Nicola Sturgeon has said she feels as if she is serving a sentence for a crime she did not commit, as she denied ever “consciously” seeing the motor home bought by her estranged husband with money embezzled from the Scottish National Party.
In her first media interview since Peter Murrell pleaded guilty to embezzling more than £400,000 from the SNP, the former first minister said the luxury camper was parked “round the side” of her mother-in-law’s house and had been recorded in the party’s accounts as “motor vehicles”, so its purchase had not rung alarm bells.
Sturgeon, 55, has consistently denied knowledge of Murrell’s crimes, which spanned more than a decade between 2010 and 2022, and was not charged after a police investigation. However, she has faced a sceptical Scottish public after it emerged Murrell spent the money on items including a motor home, a Jaguar SUV, a VW Golf, boutique cosmetics, iPads and a pair of Lalique Feuilles salt and pepper grinders worth £2,618.
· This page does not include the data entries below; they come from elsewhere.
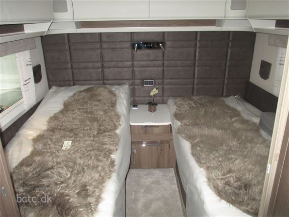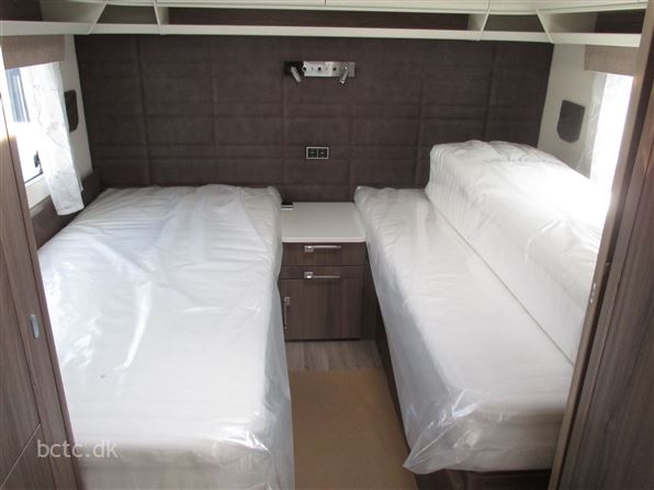 PREMIUM LINE Kampagen-model med store enkeltsenge og lameludtræk mellem sengene. En ægte vintervogn med ALDE 3030 centralvarme, vandbåren gulvvarme, lædersæder, gasbageovn, stort køleskab med KOMPRESSOR, elektrisk indstilleligt hovedgærder, design-pakke, Wifi m/ router, elektrisk indgangstrin, håndklædetørrer og meget mere.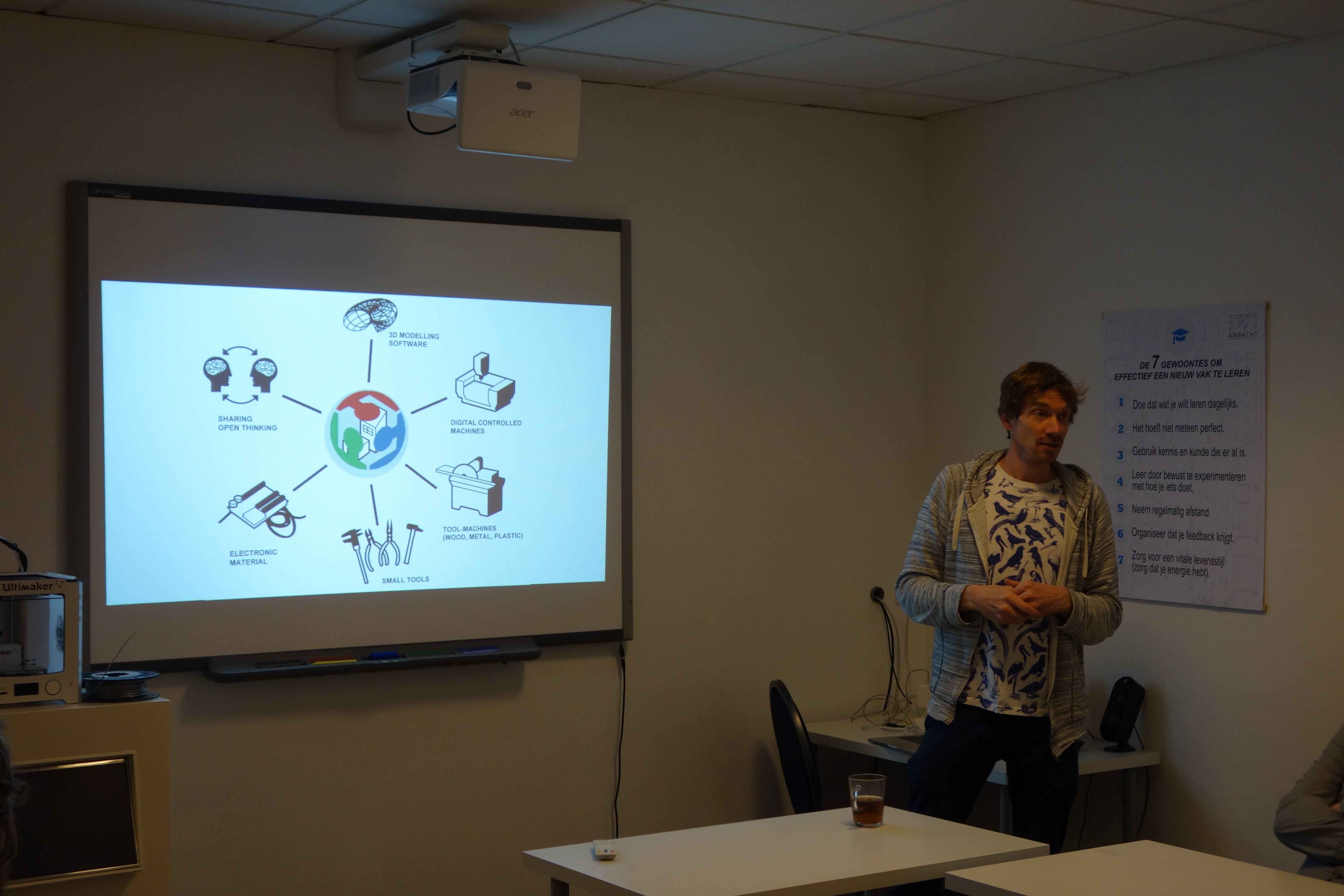 In de gastles ging hij niet alleen in op de diverse printprojecten die hij heeft uitgevoerd en waar hij mee bezig is, maar hij vertelde ook over de veranderingen die de opkomst van de digitale fabricage gaat veroorzaken.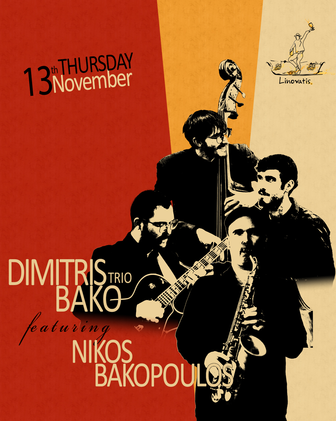 Στην καρδιά της Κηφισιάς, το κομψό bistrot Ληνοβάτης φιλοξενεί ένα μουσικό ταξίδι που μεταφέρει την ατμόσφαιρα της τζαζ της Νέας Υόρκης στην Αθήνα. Ο κιθαρίστας και απόφοιτος του Prince Claus Conservatory της Ολλανδίας, Δημήτρης Μπακόπουλος, με ενεργή παρουσία στη διεθνή μουσική σκηνή, παρουσιάζει ένα σταθερό μουσικό ραντεβού κάθε Τρίτη και Πέμπτη 8:30-11:30μ.μ. στον φιλόξενο χώρο του Ληνοβάτη.
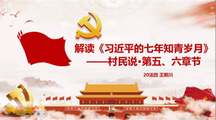 紧接着支部举行了《习近平的七年知青岁月》读书分享,支部新党员王照川同志以及胡远帆、胡蓓两名发展对象进行领学。此次分享活动以书中“村民说”部分为解读重点,三位汇报人分别从对梁玉明、石春阳、王宪平、吴晖、张卫庞等人的采访出发,对习近平同志在知青生活中的入党经历、工作经历等内容进行讲述,通过学习带领我们了解、学习了青年习近平矢志不渝的信念和始终扎根人民的情怀。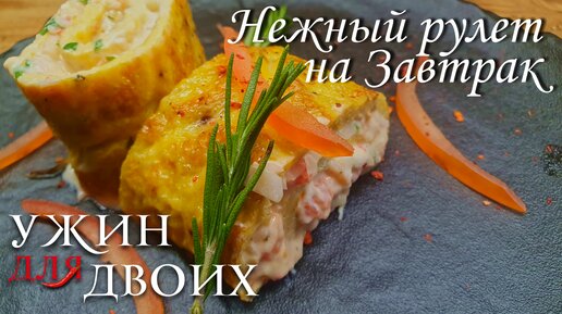 Нежный рулет из омлета на завтрак. Сочетание крабовых палочек, помидора и двух видов сыра, поможет вам проснуться

Speaking to BBC One’s Sunday with Laura Kuenssberg, Sturgeon said she had visited her mother-in-law’s home “less than a handful of times” over the two-year period the motor home was parked on the driveway, and denied she had walked past it. She added that in the SNP’s accounts, which she examined as a member of the party’s ruling national executive committee, the motor home was recorded as “motor vehicles”, which did not appear out of place because the party routinely had branded buses on the road.
Sturgeon said she was not going to apologise for someone else’s crimes, adding: “For my own sake, but for the sake of people out there, a lot of women who end up finding themselves blamed for the actions of the men in their lives, I’m not going to contribute to that kind of sense that I am responsible for somebody else’s crimes.” She acknowledged an error of judgment in keeping Murrell on as SNP chief executive when she became party leader in 2014, but insisted that does not make her responsible for his crimes.